• [PROBLEM TO WORK ON]:
Give all of the listing again word for word, with images excluded.

• [GIVEN DATA]:
————
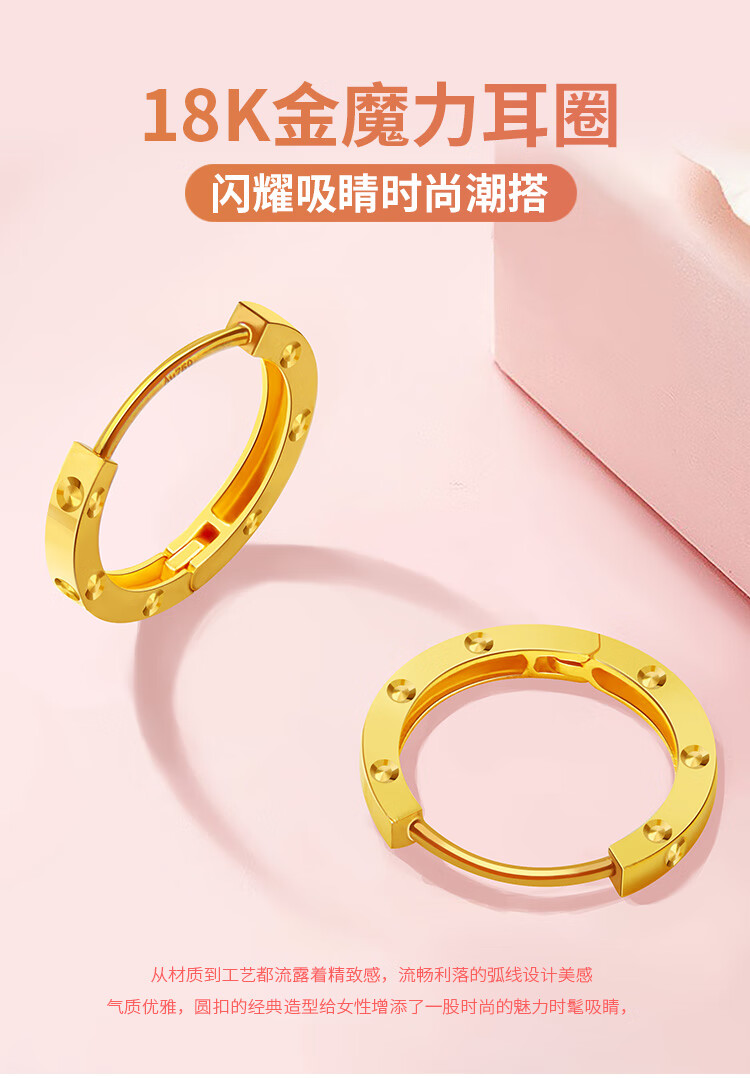 DL 1998 Fat Donglai same style 18k gold earrings ear buckle 18K gold rose gold gold earrings color gold single ear bone small earring k l8k rose gold single outer diameter 9mm about 0.26 grams
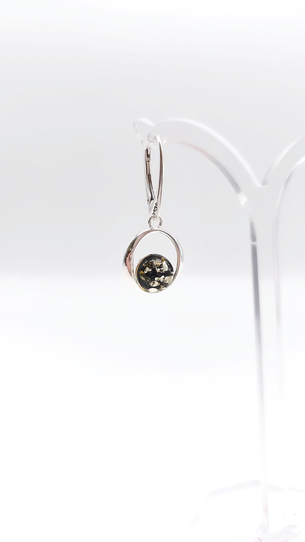 Diese eleganten Silberohrringe mit grünem Naturbernstein vereinen klassische Form mit einem Hauch Extravaganz. Der leuchtende Bernstein ist in ein rundes, modern geschwungenes Design aus 925er Sterling Silber gefasst – ein echter Hingucker für stilbewusste Frauen.
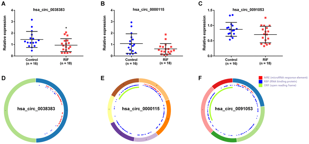 CircRNAs act as hub node in biological networks. Three down-regulation circRNAs (hsa_circ_0038383, hsa_circ_0000115 and hsa_circ_0091053) with high degree of connectivity calculated by the cytoHubba plugin of cytoscape were filtered as hub-circRNAs. Their basic characteristics were expressed in Table 3. To further assess the expression of these three selected hub DEcircRNAs, 18 RIF patients and 16 healthy women were included as a validation cohort. The detailed characteristics of these patients were summarized in Table 4. Full-length sequences were got from CircInteractome website, and sequences of specific primers for each circRNA were designed by Primer-BLAST in PubMed. The primers information was shown in Table 5. It was noteworthy that only hsa_circ_0038383 was significantly downregulated in endometrial tissues of RIF patients compared with control groups (Figure 7A). Hsa_circ_0000115 and hsa_circ_0091053 showed no significant difference (Figure 7B, 7C). The basic structural patterns of the three circRNAs were displayed in Figure 7D–7F. Consequently, hsa_circ_0038383 was selected as the circRNA target for future research.
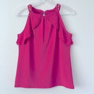WHBM pink sleeveless flutter bead trim blouse. Wear it with your favorite Jeans or slacks for a very chick look
————
• [PROBLEM SOLUTION]:
 DL 1998 Fat Donglai same style 18k gold earrings ear buckle 18K gold rose gold gold earrings color gold single ear bone small earring k l8k rose gold single outer diameter 9mm about 0.26 grams
 Diese eleganten Silberohrringe mit grünem Naturbernstein vereinen klassische Form mit einem Hauch Extravaganz. Der leuchtende Bernstein ist in ein rundes, modern geschwungenes Design aus 925er Sterling Silber gefasst – ein echter Hingucker für stilbewusste Frauen.
 CircRNAs act as hub node in biological networks. Three down-regulation circRNAs (hsa_circ_0038383, hsa_circ_0000115 and hsa_circ_0091053) with high degree of connectivity calculated by the cytoHubba plugin of cytoscape were filtered as hub-circRNAs. Their basic characteristics were expressed in Table 3. To further assess the expression of these three selected hub DEcircRNAs, 18 RIF patients and 16 healthy women were included as a validation cohort. The detailed characteristics of these patients were summarized in Table 4. Full-length sequences were got from CircInteractome website, and sequences of specific primers for each circRNA were designed by Primer-BLAST in PubMed. The primers information was shown in Table 5. It was noteworthy that only hsa_circ_0038383 was significantly downregulated in endometrial tissues of RIF patients compared with control groups (Figure 7A). Hsa_circ_0000115 and hsa_circ_0091053 showed no significant difference (Figure 7B, 7C). The basic structural patterns of the three circRNAs were displayed in Figure 7D–7F. Consequently, hsa_circ_0038383 was selected as the circRNA target for future research.
WHBM pink sleeveless flutter bead trim blouse. Wear it with your favorite Jeans or slacks for a very chick look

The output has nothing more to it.